TARAFLARIN İDDİA VE SAVUNMALARININ ÖZETİ: Davacı vekili, müvekkilinin 10.12.2017 tarihli ve 2.250,00 Euro tutarlı faturaya dayalı olarak davalı şirket aleyhine ilamsız icra takibi başlattığını, davalının itirazda bulunarak takibi durdurduğunu, işbu itiraz dilekçesinde davalının takip tarihi itibariyle bu borcu ödenmediğini kabul ettiğini, ancak kendilerinin de müvekkilinden alacaklı olduğunu ve bu sebeple borcu takas ettiklerini beyan ettiğini, oysa müvekkilinin davalıya karşı muaccel hale gelmiş herhangi bir borcunun bulunmadığını, henüz doğmamış alacakların takas edilemeyeceğini, takasın yasal koşullarının oluşmadığını, davalının taşıma sözleşmesi yapıldıktan sonra taşınacak eşyaların boyutları, kiloları ve teslim limanında değişiklikler yapılmasını talep ederek, taşıma koşullarının değişimine sebebiyet verdiğini, sözleşme dışı bu taleplerin bedel artışı gerektirdiğini, bunun davalıya bildirilmesine karşın davalının fiyat farkını kabul etmeyerek, taraflar arasında akdedilen sözleşmenin teminatı olarak verilen teminat mektubunu haksız olarak paraya çevirmeye çalıştığını ileri sürerek, davalının itirazının iptaline, %20’den az olmamak kaydı ile icra inkar tazminatına karar verilmesini talep ve dava etmiştir.

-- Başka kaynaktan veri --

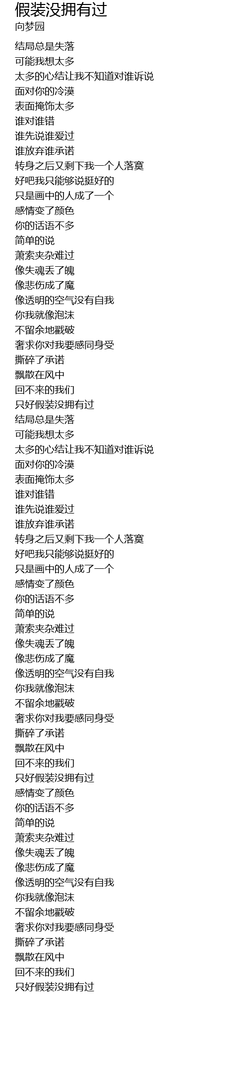 | [01:42.96] | zhǐ hǎo jiǎ zhuāng méi yōng yǒu guò |
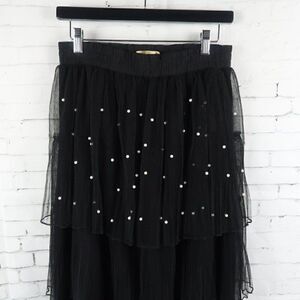 METRO WEAR BLACK LAYERED TIERED MIDI SKIRT WITH PEARL ACCENTS SIZE SMALL

Davalı vekili, müvekkili ile davacı arasında 22.08.2013 tarihli taşıma sözleşmesinin imzalandığını, sözleşmeye istinaden 100.000,00 USD tutarında teminat mektubunun davacı tarafından müvekkiline teslim edildiğini, davalının taşıma sözleşmesindeki taşıma işini yerine getirmeyerek sözleşmeyi ihlal ettiğini, bu suretle davalının müvekkilini zarara uğrattığını, takas definin ileri sürülebilmesinin yasal koşullarının oluştuğunu savunarak davanın reddini istemiş, davacının %20 den az olmamak üzere kötü niyet tazminatına karar verilmesini talep etmiştir.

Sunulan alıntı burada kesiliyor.